5 Conclusion and Future Work

This paper developed a real-time observer for estimation of road bank angle and side slip angle using inexpensive on board vehicle sensors. The algorithm utilizes a combination of yaw rate and lateral acceleration measurements from IMU and a vehicle model that describes the vehicle lateral motion in terms of side slip angle and yaw rate. The developed algorithm was evaluated through experimental tests on a prototype vehicle on a test track with previously known bank angles. The results of the side slip angle and yaw rate angle were compared with the estimate from a GPS/INS system installed in the vehicle.
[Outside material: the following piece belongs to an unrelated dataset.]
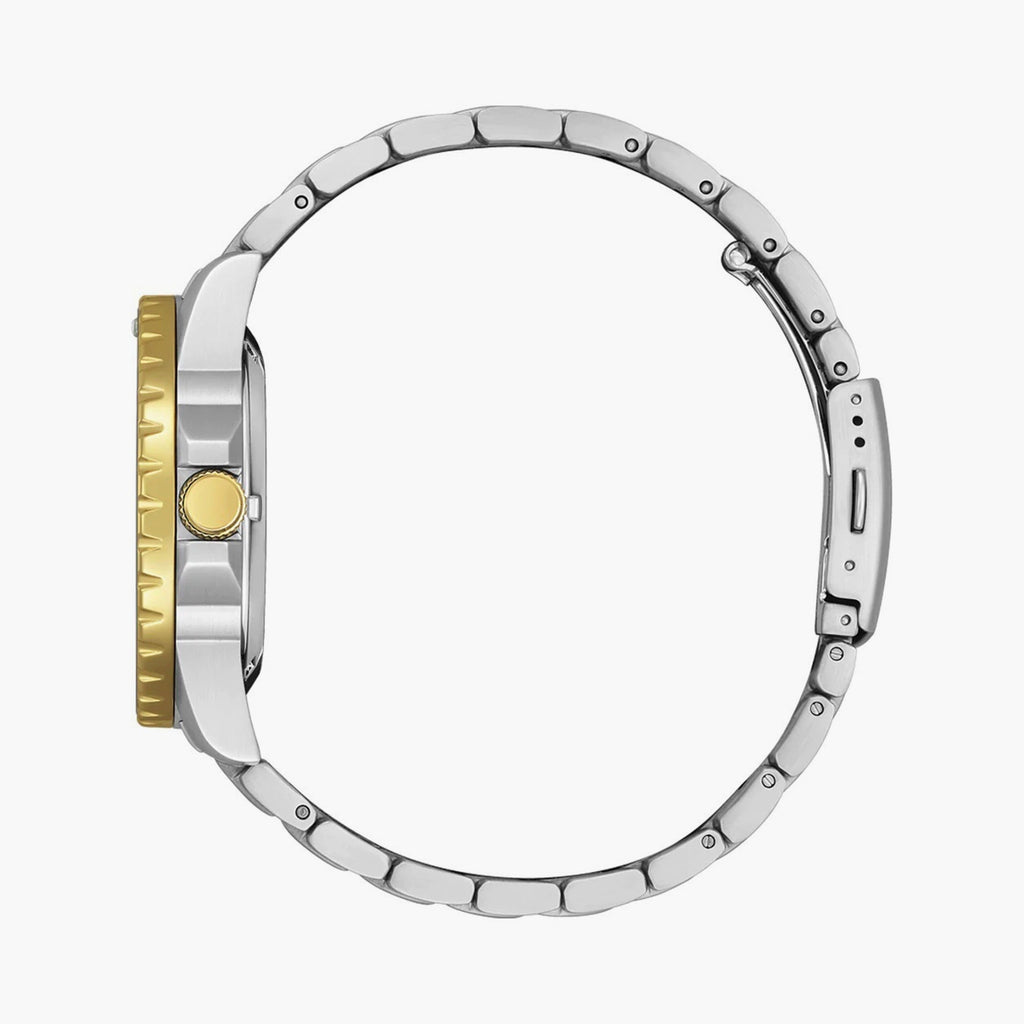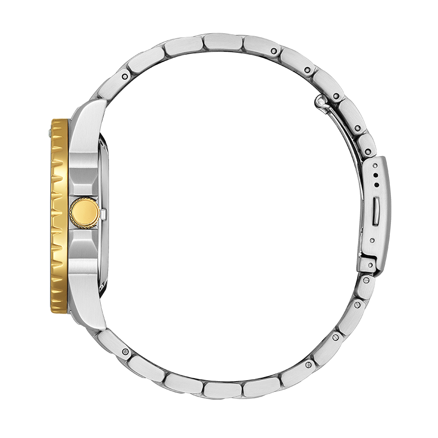 Soar to new heights with this modernized timepiece from our Mechanical Collection. Its modern and contemporary design reflects great craftsmanship and enduring quality. Its sleek deep blue dial, Date, stainless steel case and two-tone bracelet complement its pure and appealing aesthetic.

The experimental results show that the algorithm provides estimates with reasonable accuracy for the vehicle side slip angel and road bank angle in various manauvers.

The limitation of this approach is that it does not work at very low speeds below 10 mps because at such speeds, there isn’t enough lateral forces to generate slip. To overcome this limitation, we are currently working on combining this model with a kinematic model. We switch to the Kinematic model only at the speed threshold mentioned above because kinematic models works only at very low speeds.